Assim que Rhiara se distraiu por breves segundos, algo a atingiu na nuca, atirando-a ao chão. Pontos escuros taparam-lhe a visão, sentindo-se à beira da inconsciência. Levou os dedos à nuca, de onde sangue escorria.
- Isto não está a correr bem. - murmurou, tossindo.
Estava fraca. Cansada. Arfou ao sentir o corpo pesado de Gothel pressioná-la contra o chão, as mãos atrás das costas sendo firmemente amarradas pela velha maluca. Iria ser levada por ela, trancada numa torre e nunca mais veria a família. Os pais. Harry. Audrey. Ben. Os piratas. Evie. Soluçou, tentando sacudir-se, tentando soltar-se...
- Mãe!
Gothel ergueu a cabeça, fitando a filha. Esta encontrava-se de pé, a Varinha numa mão, a outra apontada à mulher à sua frente. A vilã foi jogada contra a parede, o olhar surpreendido e aterrorizado encarando a jovem como se não a reconhecesse.
- Como podes virar-te contra mim, sua ingrata? - questionou, ultrajada - Foste tu que me trouxeste de volta!
- Foi um erro.
- Eu dei-te tudo! Beleza, juventude... e poder! Sem mim, não serias esta bruxa incrível que és hoje!
- Tu não me deste nada! Um vício com a Flor Dourada e nada mais! Nunca me amaste. Nunca quiseste proteger-me. Nunca quiseste cuidar de mim. Só me querias para usar a teu favor. És sempre tu, tu, tu e tu!
- Solta-me! Solta-me agora mesmo, Gwendolyn! - guinchou Gothel, prensada contra a parede pela magia invisível da filha - Solta-me já!
A bruxa da Lua encarou a mãe. Uma lágrima solitária escorreu pelo seu rosto, a qual ela limpou de imediato. Fora um erro trazer Gothel de volta. Fora um erro pensar que a mãe a amava... ou poderia algum dia amar. Observara por anos os filhos de outros vilões na Ilha dos Perdidos. Por muito piores que fossem, os vilões amavam os filhos, queriam o melhor para eles e muitos tentavam arranjar maneira de sair da Ilha para proporcionar aos filhos uma vida maior. Sozinha naquela Ilha, tudo o que Gwen quisera era dar à mãe a chance de também ela amar a filha como não amara quando estavam livres.
Infelizmente, alguns vilões não têm emenda.

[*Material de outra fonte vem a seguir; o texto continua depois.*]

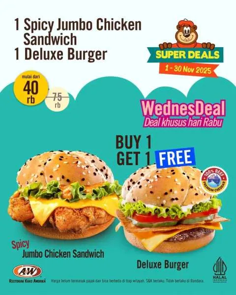 MOMSMONEY.ID - Nikmati promo A&W WednesDeal tiap Rabu selama November 2025. Anda bisa mendapatkan Spicy Jumbo Chicken Sandwich dan Deluxe Burger mulai Rp 40.000 saja, lo.
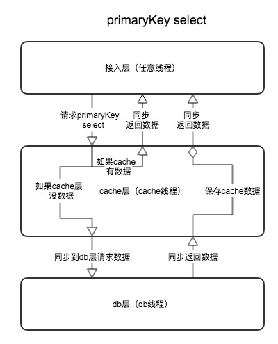 - select PrimaryKey,就是选一定PrimaryKey值的orm对象,这个操作首先看cache里面是否有primarykey 值的orm对,如果有,直接返回,如果没有,先同步到db线程获取查询结果,再同步修改内存里面的cache值,再返回给接入层
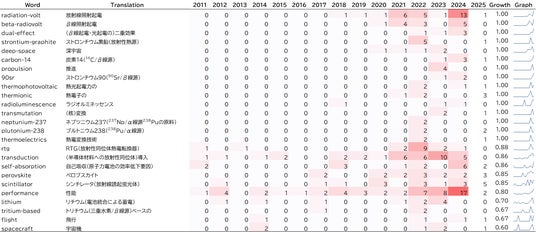 図3:原子力電池技術に関連する論文の概要に含まれるキーワードの年次推移

- Bibidi... - Gwen sorriu, apontando a Varinha Mágica na direção de Gothel - Bobidi... Boo, sua cabra.
- NÃO!
O grito de Gothel ecoou pela Ilha antes que o raio branco que vinha da Varinha a atingisse e a levasse de volta de onde ela viera.... O Submundo. Num minuto, a mulher estava lá... no segundo seguinte, não estava.

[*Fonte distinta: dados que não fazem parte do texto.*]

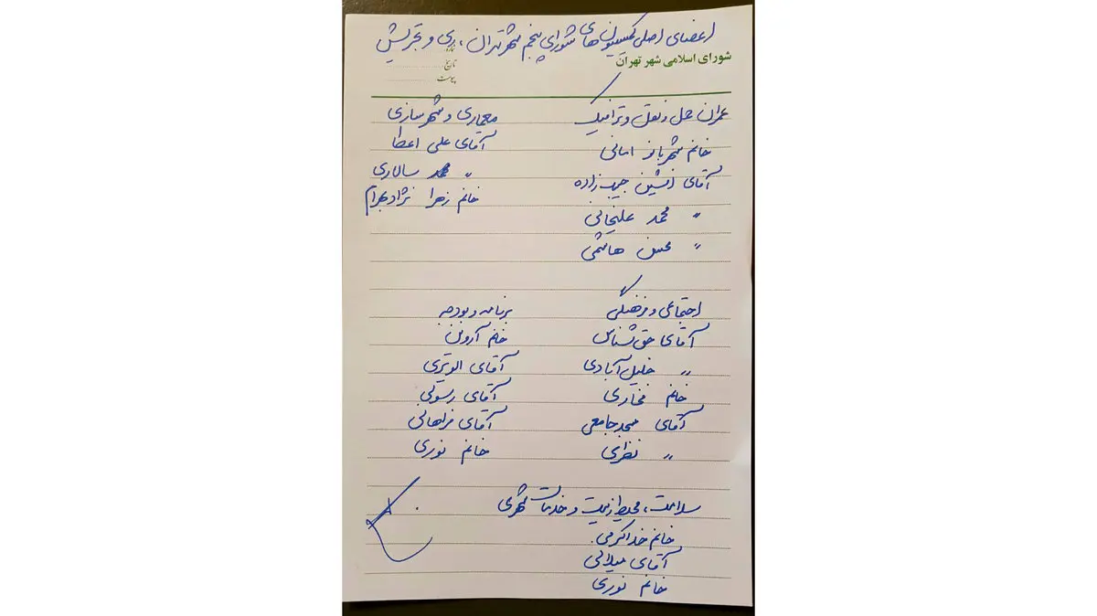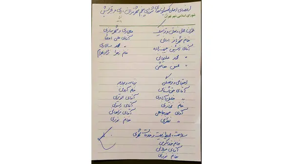 رکنا: لیست اعضای کمیسیون های منتخب شورای شهر تهران که با رای اعضاء به تصویب رسیده است.

E tudo ficou quieto por brevíssimos segundos.
As duas jovens arfavam, exaustas. Gwen dobrou-se sobre si mesma, apoiando-se nos joelhos para não cair, enquanto Rhiara pousara a testa no chão e respirava o menos possível, o corpo dorido de toda a pancada que levara. O pigarrear de Gwendolyn fê-la erguer a cabeça, vendo o ar comprometido da vila ao dizer:
- Mesmo assim... a tua mãe precisa do antídoto. Dei-lhe uma poção para dormir mas se não lhe der o antídoto...

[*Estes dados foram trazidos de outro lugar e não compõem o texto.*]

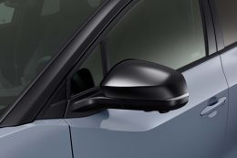 Transparante beschermfolie die de buitenspiegel van de Subaru Solterra beschermt tegen krassen en steenslag.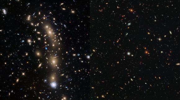 Images of the MACS J0416.1�2403 and Abell 2744 galaxy clusters, taken as part of the Hubble Frontier Fields program. Credit: NASA/ESA/HST Frontier Fields team (STScI)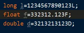 L 或小写 l 皆可(不推荐使用 l,因为容易与阿拉伯数值 1 混淆)。大写 F 或小写 f 表示 float 浮点数。大写 D 或小写 d 表示 double 双精度。

- Deixa-me adivinhar: fica a dormir para sempre? - Rhiara revirou os olhos, fitando Gwen com um ar de poucos amigos - Subtil, bruxa. Tira-me daqui e vamos salvar a minha mãe... das tuas invenções idiotas, está bem?
Gwen estalou a língua.
- Não te estiques criatura ou deixo-te aí atada e no chão.